→ **Data for processing**:
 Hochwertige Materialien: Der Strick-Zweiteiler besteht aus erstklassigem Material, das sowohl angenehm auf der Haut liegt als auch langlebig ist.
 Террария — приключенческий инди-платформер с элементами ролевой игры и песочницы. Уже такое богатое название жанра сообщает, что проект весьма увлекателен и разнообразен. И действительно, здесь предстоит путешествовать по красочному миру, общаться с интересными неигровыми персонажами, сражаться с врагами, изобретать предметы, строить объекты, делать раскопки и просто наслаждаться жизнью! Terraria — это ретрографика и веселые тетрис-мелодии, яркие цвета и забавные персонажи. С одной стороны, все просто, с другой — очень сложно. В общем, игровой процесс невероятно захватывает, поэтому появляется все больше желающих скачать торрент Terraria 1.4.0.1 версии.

---

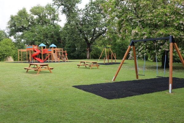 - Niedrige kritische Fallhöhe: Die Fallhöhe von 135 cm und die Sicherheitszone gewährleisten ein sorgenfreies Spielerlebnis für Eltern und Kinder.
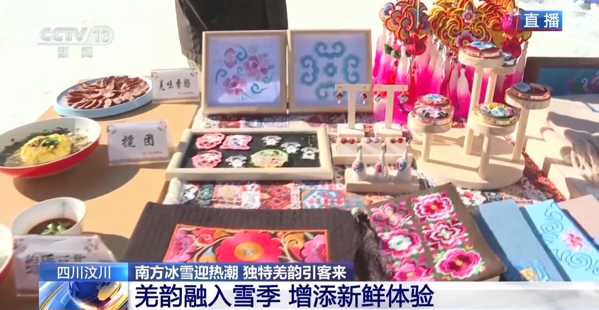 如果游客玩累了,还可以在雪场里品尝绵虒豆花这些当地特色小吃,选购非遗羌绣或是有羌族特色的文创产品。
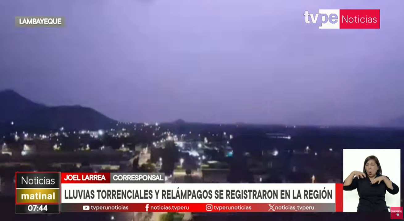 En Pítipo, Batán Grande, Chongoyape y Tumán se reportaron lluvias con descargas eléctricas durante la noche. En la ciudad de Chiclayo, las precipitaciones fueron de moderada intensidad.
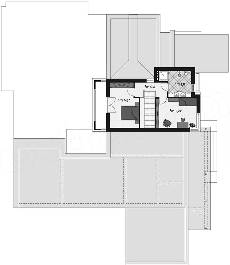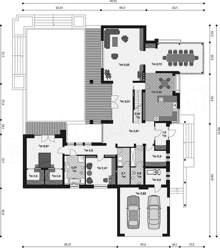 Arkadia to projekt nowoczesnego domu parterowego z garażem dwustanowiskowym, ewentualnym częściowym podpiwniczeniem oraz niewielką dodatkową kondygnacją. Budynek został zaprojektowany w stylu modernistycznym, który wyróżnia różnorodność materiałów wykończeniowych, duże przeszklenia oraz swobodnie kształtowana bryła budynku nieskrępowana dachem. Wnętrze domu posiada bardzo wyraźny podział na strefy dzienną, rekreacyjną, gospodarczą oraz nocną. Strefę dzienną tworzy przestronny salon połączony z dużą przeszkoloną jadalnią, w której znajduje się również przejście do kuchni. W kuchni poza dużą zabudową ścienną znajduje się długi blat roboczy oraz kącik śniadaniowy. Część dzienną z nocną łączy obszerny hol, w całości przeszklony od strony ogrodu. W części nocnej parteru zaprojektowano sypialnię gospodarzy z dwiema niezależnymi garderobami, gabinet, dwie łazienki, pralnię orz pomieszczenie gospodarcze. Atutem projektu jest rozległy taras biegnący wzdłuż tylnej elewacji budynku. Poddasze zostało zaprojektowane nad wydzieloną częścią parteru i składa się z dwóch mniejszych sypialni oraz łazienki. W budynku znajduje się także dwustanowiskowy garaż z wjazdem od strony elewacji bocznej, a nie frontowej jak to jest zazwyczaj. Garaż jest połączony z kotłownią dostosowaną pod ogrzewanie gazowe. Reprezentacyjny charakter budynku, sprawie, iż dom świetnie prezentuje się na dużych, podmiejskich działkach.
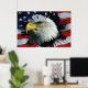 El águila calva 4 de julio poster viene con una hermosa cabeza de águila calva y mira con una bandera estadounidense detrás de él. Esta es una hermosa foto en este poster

→ **Aim of the task**:
Starting with the line above that holds "- Niedrige kritische", restate each line word for word up to and including the line that holds "En Pítipo, Batán". Drop the pictures.

→ **Completed exercise**:
 - Niedrige kritische Fallhöhe: Die Fallhöhe von 135 cm und die Sicherheitszone gewährleisten ein sorgenfreies Spielerlebnis für Eltern und Kinder.
 如果游客玩累了,还可以在雪场里品尝绵虒豆花这些当地特色小吃,选购非遗羌绣或是有羌族特色的文创产品。
 En Pítipo, Batán Grande, Chongoyape y Tumán se reportaron lluvias con descargas eléctricas durante la noche. En la ciudad de Chiclayo, las precipitaciones fueron de moderada intensidad.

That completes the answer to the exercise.